Lecture 01.1 – Historical Body Models

Lecture Slides: Introduction to Body Models and History

Introduction

Modeling the 3D human body has been a long‐standing challenge in computer graphics, computer vision, and artificial intelligence. Over the decades, approaches have evolved from simplistic representations built from basic geometric primitives to sophisticated, data‐driven, and deep learning–based neural models. This document presents a detailed historical overview that combines beginner-friendly explanations with technical depth, highlighting the evolution of human body models—from early kinematic skeletons and generative models to modern statistical and neural representations. Applications (e.g., in animation, pose estimation, AR/VR, robotics) are mentioned only to contextualize key advancements.
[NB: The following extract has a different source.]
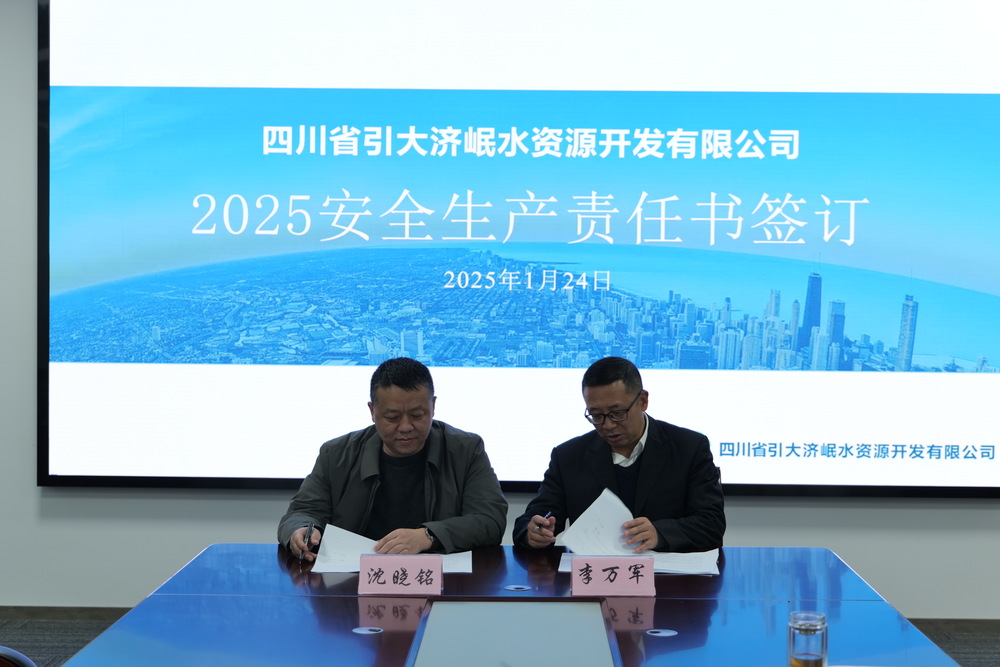 三是堅決把思想統(tǒng)一起來、形成合力,以鐵的決心鐵的毅力推進引大濟岷工程建設。全體干部職工要樹立強烈的事業(yè)心、使命感,以“久久為功”的意志和決心,鼓足干勁、鍥而不舍,在引大濟岷工程建設和引大濟岷公司發(fā)展征程中奮勇爭先,加快推進引大濟岷工程開工建設,奮力譜寫四川骨干水網(wǎng)新篇章。 會議強調要高度重視節(jié)日期間安全生產(chǎn)工作,全面開展安全大檢查、全面排查問題隱患,保障全體員工渡過祥和歡樂的新春佳節(jié),會議上引大濟岷公司還開展2025年度安全責任書簽訂工作。

Early Origins: Simplified Primitives and Kinematic Skeletons (1970s–1980s)

At the very beginning, researchers sought to represent the human form using simple, abstract components. Early models utilized:

Geometric Primitives: Simple shapes such as cylinders, spheres, and cones were used as building blocks to approximate human limbs and the torso. Pioneering work by Nevatia and Binford, as well as Marr and Nishihara, proposed the idea of representing complex shapes by assembling simpler volumetric primitives. These methods laid the foundation for representing limbs as tapered cylinders.
Kinematic Skeletons: The human body was conceptualized as a collection of rigid segments (bones) connected by joints forming a kinematic tree. This approach allowed researchers to model human motion by defining how parts rotate relative to each other. A classic example is Johansson’s 1973 “point‐light” experiment, which demonstrated that 10–12 moving dots (attached to key joints) are sufficient for humans to perceive the motion of a living body. This finding reinforced the idea that even minimal representations (stick figures) could evoke a vivid perception of human motion.
Model-Based Tracking: In 1983, David Hogg’s work “Model-based vision: A program to see a walking person” was groundbreaking. Hogg built a 3D human model using connected cylinders and used edge matching between the projected model and the image to track a walking person. Despite the limited fidelity, this generative approach established the principle that an explicit human body model could be fitted to visual data.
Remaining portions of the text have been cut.